Wednesday, 14 January 2009: 11:45 AM
Future Trend of Soil Organic Carbon over the U.S. Midwest Cropland
Room 127A (Phoenix Convention Center)
The land CO2 flux plays a key role in the global carbon cycle. The projected climate change is likely to alter CO2 flux at the surface by increasing both biomass productivity (photosynthesis) and soil respiration. The magnitude and sign of the net CO2 flux are reflected by changes in size of soil carbon pools. In this study, we use the DayCENT model, the CENTURY model with a daily time step, driven by past climate and IPCC AR4 scenario climates to project the trends of soil organic carbon (SOC) pools for the Midwest cropland under various management strategies. The B1, A1b, and A2 scenario climates from three GCMs representing respectively cold/wet, normal, and warm/dry models were selected for three time windows: 1961-2000, 2046-2065, and 2081-2100. Despite differences among the models, the three GCMs projected growing season (May-September) warming by 1.5-1.8oC around mid-21st century under the “greenest” B1 scenario.

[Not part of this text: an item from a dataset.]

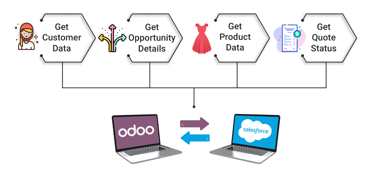 Odoo SalesForce ConnectorSalesforce is the innovative company behind the world's #1 CRM platform. Salesforce software is cloud-based, so it doesn't require a team of IT experts to set up or manage - you just log in and start using it. Faster, Cheaper. Easier. Better. Salesforce takes your business to the next level. Salesforce's customer relationship management software instantly streamlines and automates your business processes. By creating infrastructure-as-a-service, your business allows sales, marketing, and support teams to work in sync and see important sales and customer data with more width and breadth, freeing them up to generate new clients and better service existing ones. Features Comparison with Other ConnectorsCompanyPragmaticOdoo-Ology Pvt LtdTechloyceSynchronize SF AccountsSynchronize ProductsSynchronize ContractsSynchronize OrdersSynchronize QuotesSynchronize CustomersSynchronize EventsSynchronize ContactsSynchronize LeadsSynchronize OpportunitiesSynchronize ProductsSynchronize LeadsSynchronize OpportunitiesSynchronize ContractsImport OrdersImport QuotesAutomatic JobsOdoo SalesForce Connector Features Import contacts Export contacts Import Products Export Products Import accounts Export accounts Import quotations Export quotations Importing sales order Exporting sales order Importing Leads Exporting Leads Importing Opportunity Exporting Opportunity Importing Contract Exporting Contract Importing Events Exporting Events Importing Task Exporting Task Odoo to Salesforce - Import Export OperationsExport/Update Products to Salesforce from Odoo.Export/Update Customers/Contacts to Salesforce from Odoo.Export/Update Sale Orders to Salesforce from Odoo.Export/Update Quotes to Salesforce from Odoo.Export/Update Opportunities to Salesforce from Odoo.Export/Update Leads to Salesforce from Odoo.Export/Update Products to Salesforce from Odoo.Export/Update Customers/Contacts to Salesforce from Odoo.Export/Update Sale Orders to Salesforce from Odoo.Export/Update Quotes to Salesforce from Odoo.Export/Update Opportunities to Salesforce from Odoo.Export/Update Leads to Salesforce from Odoo.Between Odoo & Salesforce - Synchronize OperationsSynchronize upcoming Customers to Salesforce from Odoo.Synchronize upcoming Contacts to Salesforce from Odoo.Synchronize upcoming Opportunities to Salesforce from Odoo.Synchronize upcoming Leads to Salesforce from Odoo.Synchronize upcoming Products to Salesforce from Odoo.Synchronize upcoming Tasks to Salesforce from Odoo.Synchronize upcoming Events to Salesforce from Odoo.Synchronize upcoming Contracts to Salesforce from Odoo.Synchronize(Deletion) upcoming Orders to Salesforce from Odoo.Synchronize(Deletion) upcoming Quotes to Salesforce from Odoo.Odoo has the following import features which will import data from Salesforce to Odoo.Fig.1 Odoo Salesforce Connector is an Odoo App which allows following operations: Above screen shows functionalities i.e.) Importing Contacts, Accounts, Products, Quotations, Sales OrderImporting of Customer from Salesforce to Odoo (With Parent Child Relationship)Fig.2 Above is a contact record along with linked account, Let’s import this Contacts, Click on Import Contacts Button. This will import contacts in res.partner object with parent child relationships( if any).Fig.3 when records are imported we do maintain reference to record in salesforce using its id know as x_salesforce_id field in odoo.Importing Accounts (parent of contacts) in Odoo.Fig.4 If you click on ‘Import Accounts’ in above fig. 1, all the parent of account get imported in Odoo.Fig.5 Individual record imported with contacts and addresses attached similar as in salesforce.Exporting Customers to Salesforce from Odoo (With Parent Child Relationships), Performs Update if Customer Exists in Salesforce.Fig.6 Above is a company record(is_comapny = true) which we will export to salesforce along with a child record.Fig.7 Click on Actions Dropdown, You will see Export to Salesforce Option. Click on that option.Importing Productsfrom Salesforce to OdooFig.8 All the products master from salesforce to odoo get imported once you clicks on ‘Import Products’ button in fig. 1Exporting Products to Salesforce from Odoo, Performs Update if Product Exists in Salesforce. Fig.9 Click on Actions dropdown and click on export to salesforce option. The record will be exported to salesforce.Fig.10 Exported record was created successfully in Salesforce side.Importing Quotations from Salesforce.Fig.11 This is a Quotation Generated in Salesforce, In next step we will see this imported to odoo. Click on Import Quotations button to import all quotes from salesforce as shown fig 1.Fig.12 Quotations was successfully imported along with quotation lines, above is sample record of a quotation.Importing Sales Orders from SalesforceFig.13 Create a order in Salesforce, Above screen shows a order having 4 orderitems. In next Screen we will see how to import it. Click on Import Sales Order Button, This will import all sales order from salesforce as shown in above fig. Fig.14 We see the order was imported from salesforce in odoo Successfully, having state as ‘sale’. We also see its corresponding Delivery Order is also created in odoo automatically.Exporting Quotations to Salesforce from Odoo, Performs Update if Quotations Exist in SalesforceClick on Actions dropdown and click on export to salesforce option. The record will be exported to salesforce.Exporting saleorder to Salesforce from Odoo, Performs Update if saleorder Exists in Salesforce.Click on Actions dropdown and click on export to salesforce option. The record will be exported to salesforce.Importing Leads from salesforce to odoo:All the leads get imported into odoo on click of import lead button Exporting LeadsClick on Actions dropdown and click on export to salesforce option. The record will be exported to salesforce.Importing Opportunities from salesforce to odoo:All the opportunities get imported into odoo on click of import

The regionally diverse A2 scenario produced an additional 1oC warming than the B1 scenario. The balanced A1b scenario predicted a climate that is about 0.2oC colder than the A2 scenario. Future precipitation amounts during the growing season increase by 10-30% depending on the model and scenario.
Under all these scenario climates, DayCENT simulations indicate a 10-30% decline in SOC within the top 20 cm of soil profile by mid-century using current management options. The simulated SOC differences among the scenarios vary within 8% of each other, smaller than the inter-model range of 28%, underlining the uncertainty attributable to individual GCM models. Further diagnoses indicate that the SOC decline is more (less) due to heterotrophic soil respiration (NPP), suggesting the dominance of warming effects on soil microbial decomposition. No-till practice combined with appropriate crop rotations and harvest methods can increase SOC by up to 20%, thereby reversing its trend of decline.